The Fatter People Are, The Easier Coronavirus Can Infect Them, Research Suggests

Carrying excess fat around makes it easier for coronavirus to do its virus thing.

Keep in mind that despite the obese being more at risk than healthy people, only 332 people under 45 years of age have died in the UK from coronavirus.

Just like the flu, the virus is mostly just a threat for very old people.

Daily Mail:

The reason why obese people may be more at risk of dying from coronavirus could be because their fat cells make large amounts of a protein used by the infection to infiltrate human cells.

The coronavirus – scientifically called SARS-CoV-2 – latches onto ACE-2 receptors, known as the ‘gateway’ into cells inside body.

Fat cells express ACE-2 receptors, which experts say may explain why obese people have higher odds of suffering a severe bout of COVID-19.

ACE-2 is also expressed in the fat cells of people with type 2 diabetes – another high-risk health condition driven by obesity.

Some researchers now believe diabetes drugs could be used to fight the infection – and admitted that losing weight may also have a benefit.

The scientists who posed the theory, from Germany and the US, also outlined how fat cells are linked to a lung-scarring condition called pulmonary fibrosis.

With COVID-19 added on top, the lungs would struggle to get enough oxygen to the rest of the body.

In a ‘perspective’ paper published in the journal Obesity, the researchers explained the link between obesity and COVID-19 that has emerged.

Angiotensin-converting enzyme 2 (ACE-2) is the entry point for the virus. Its spiky surface binds to the receptors and, from there, replicates.

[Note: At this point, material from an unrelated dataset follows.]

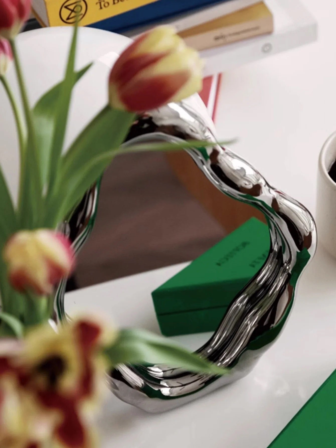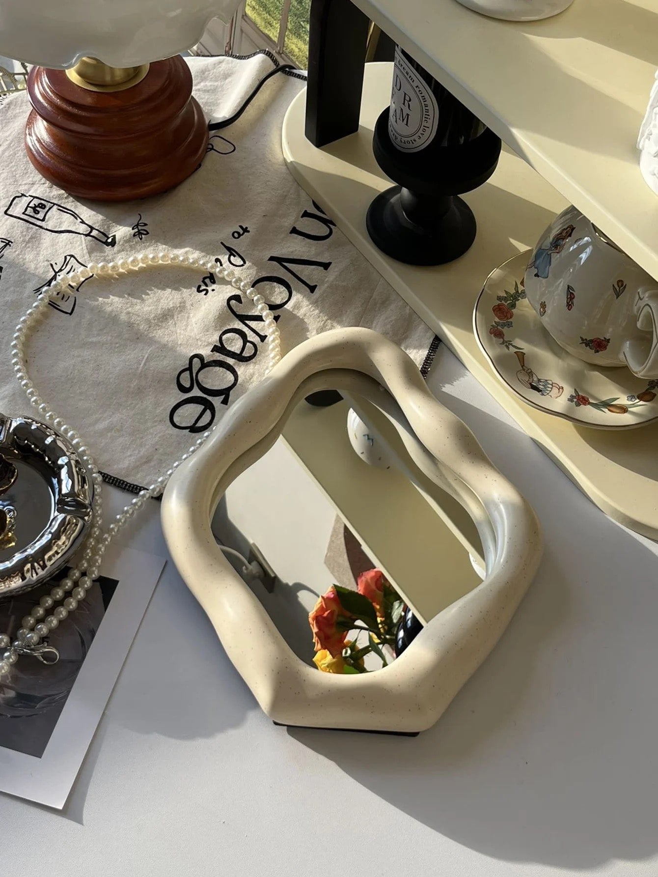 The high-color French-inspired frame adds a sophisticated touch. while the electroplated silver finish ensures durability and shine. Whether used as a toilet wall mirror or a standing desk accessory. this decorative piece doubles as a stylish ornament for any room. Perfect for aesthetic desk decor. Korean-style home setups. or as a luxury gift. this mirror effortlessly enhances the ambiance of your home decor. Make a bold statement with this irregular metallic mirror. ideal for creating a modern yet vintage vibe.

Dr Ilja Kruglikov of Wellcomet GmbH in Germany, wrote ACE-2 is ‘widely expressed’ in fat cells called adipocytes in obese people and type 2 diabetics.

Fat might therefore ‘serve as a viral reservoir’, warned Dr Kruglikov and his colleague Philipp Scherer of the University of Texas Southwestern Medical Center, Dallas.

Professor Scherer said people with obesity should be extra stringent to prevent catching the coronavirus.

He said: ‘Individuals with obesity at the upper end of the spectrum fall into a high-risk category at multiple levels and should exercise additional caution not to expose themselves.’

How about individuals with obesity exercise additional caution not to expose themselves to food instead?

They’re likelier to die from heart disease than they are to die from coronavirus-related stuff.

Obesity-related diseases are what’s really threatening the obese.

Coronavirus should be the last of their concerns.